# [Goal of the exercise]
Only an exact repeat of the listing, without its images, counts as the answer.

====== Data segment ======

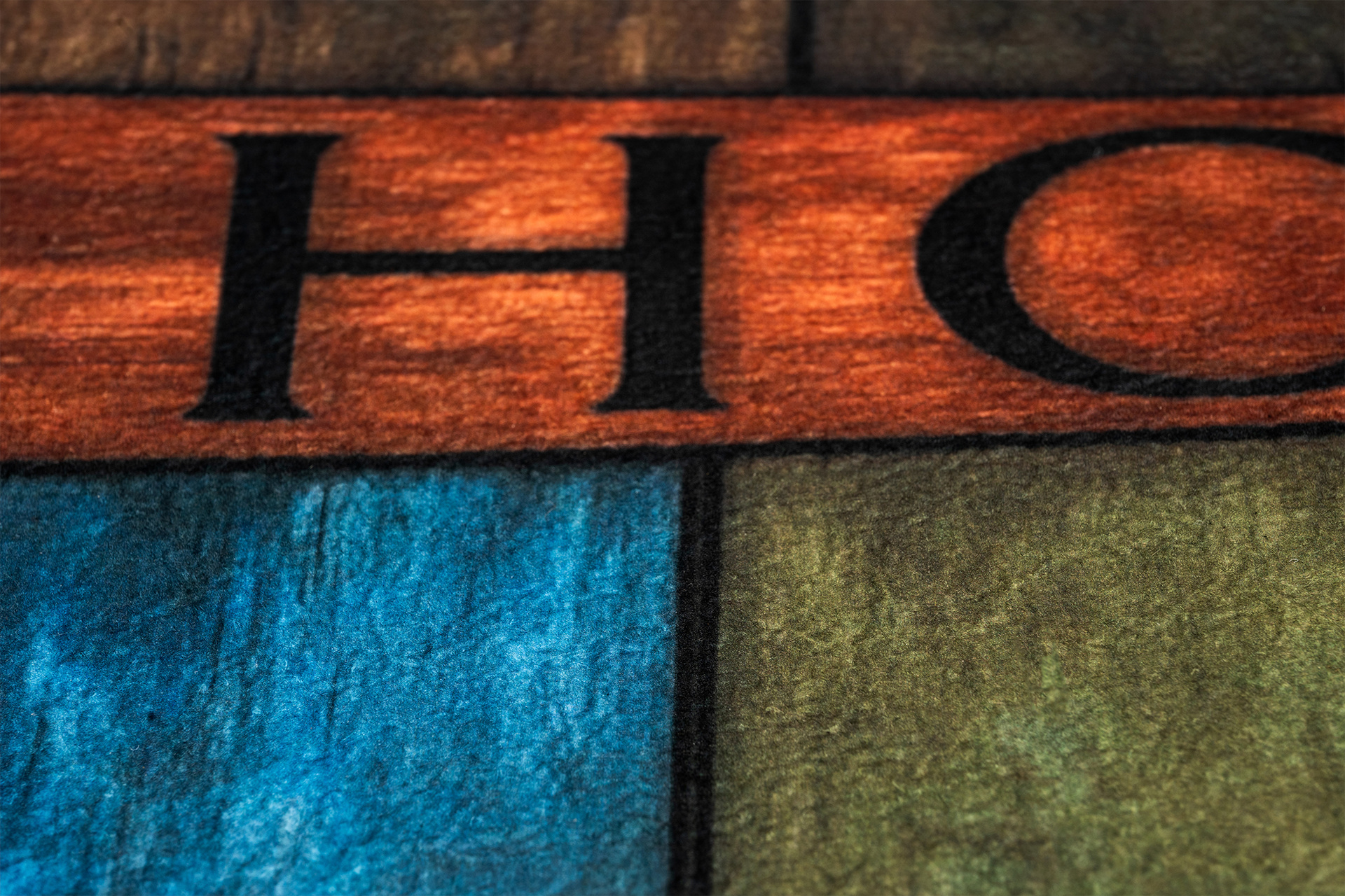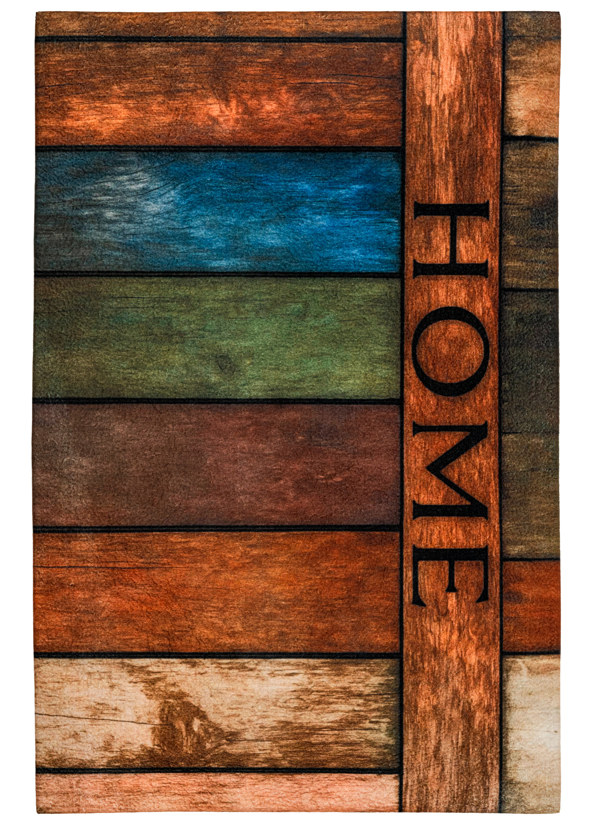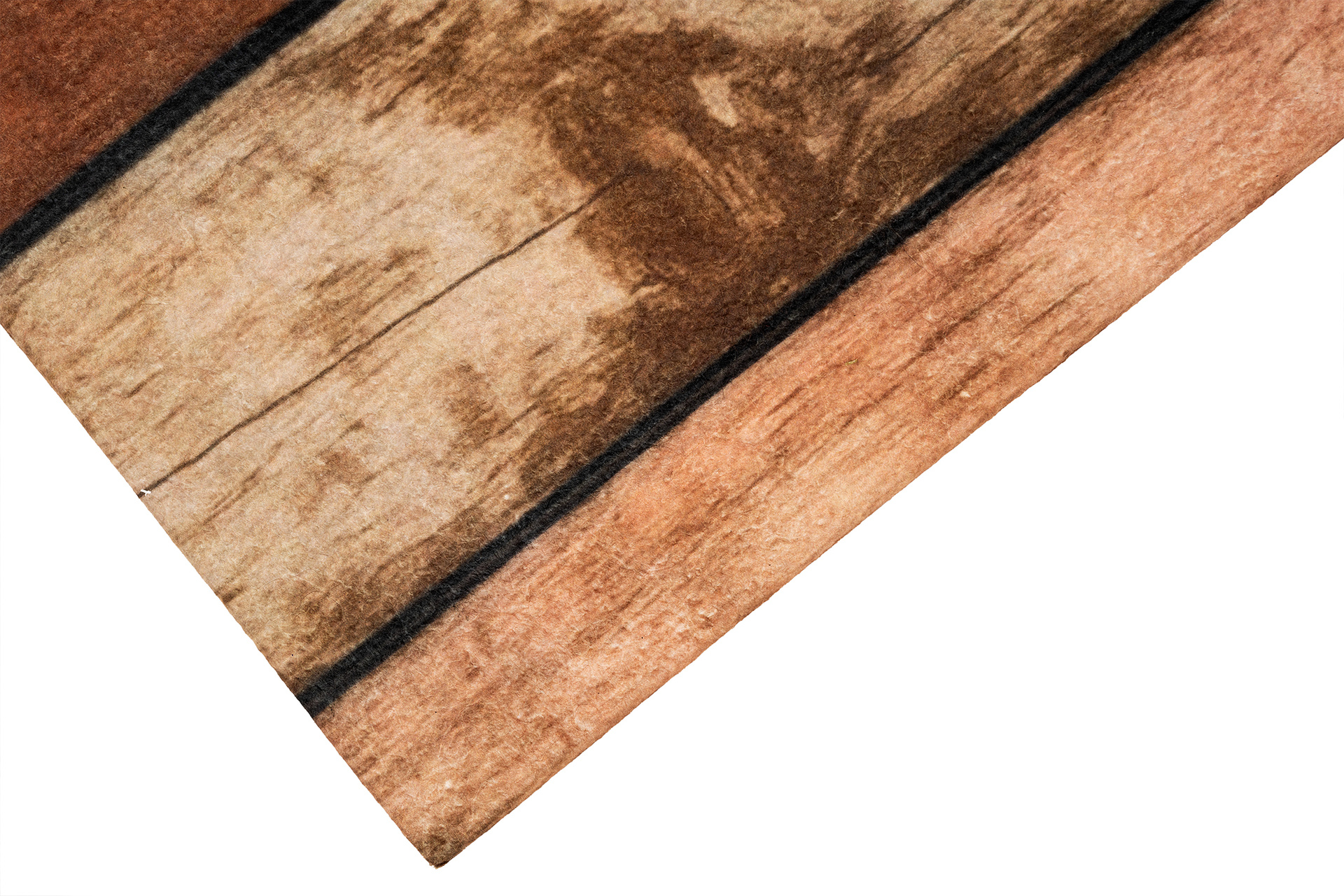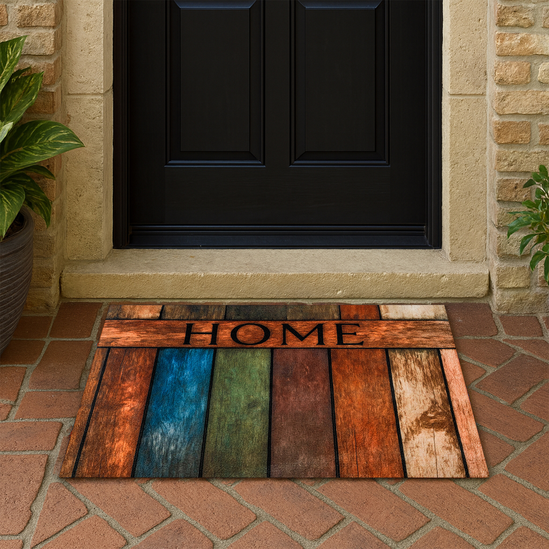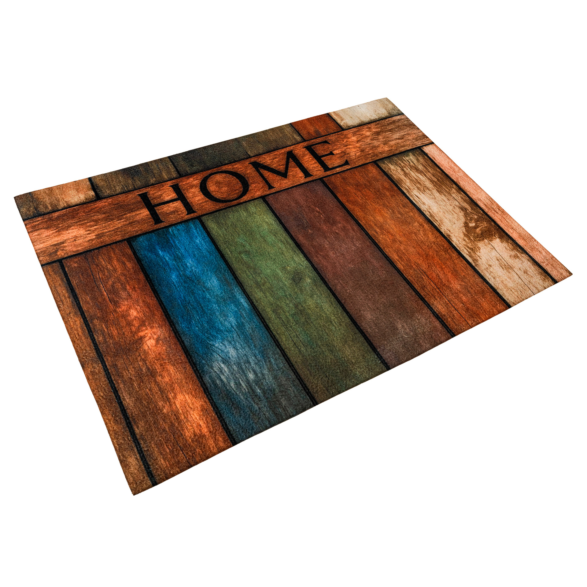 Wierzch wykonany jest z poliestrowego włókna z wyraźnym, estetycznym nadrukiem - dzięki czemu wycieraczka jest nie tylko praktyczna, ale również stanowi element wystroju. Na spodzie znajduje się antypoślizgowa guma, która stabilnie trzyma się podłoża i zapobiega przesuwaniu się maty podczas użytkowania.
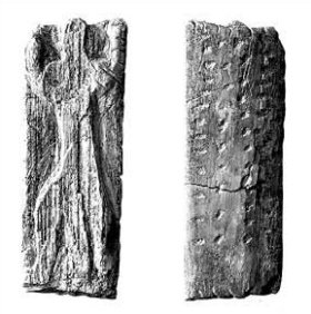Размеры таблички не впечатляют - всего 38х14х4 мм, причем по зарубкам на гранях археологи решили, что она изначально была такого размера. На одной стороне таблички вырезано изображение человека с расставленными ногами и поднятыми руками. Между ногами свисает нечто (предположительно меч), его талия необычно узка. левая нога короче правой. Из того немногого, что известно о предполагаемой мифологии этого народа, археологи сделали вывод, что здесь изображена фигура молящегося или танцующего человека, или же получеловека-полукота, или сакрального существа.
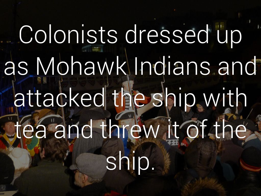 Colonists dressed up as Mohawk Indians and attacked the ship with tea and threw it off the ship.

======

# [Result]
 Wierzch wykonany jest z poliestrowego włókna z wyraźnym, estetycznym nadrukiem - dzięki czemu wycieraczka jest nie tylko praktyczna, ale również stanowi element wystroju. Na spodzie znajduje się antypoślizgowa guma, która stabilnie trzyma się podłoża i zapobiega przesuwaniu się maty podczas użytkowania.
Размеры таблички не впечатляют - всего 38х14х4 мм, причем по зарубкам на гранях археологи решили, что она изначально была такого размера. На одной стороне таблички вырезано изображение человека с расставленными ногами и поднятыми руками. Между ногами свисает нечто (предположительно меч), его талия необычно узка. левая нога короче правой. Из того немногого, что известно о предполагаемой мифологии этого народа, археологи сделали вывод, что здесь изображена фигура молящегося или танцующего человека, или же получеловека-полукота, или сакрального существа.
 Colonists dressed up as Mohawk Indians and attacked the ship with tea and threw it off the ship.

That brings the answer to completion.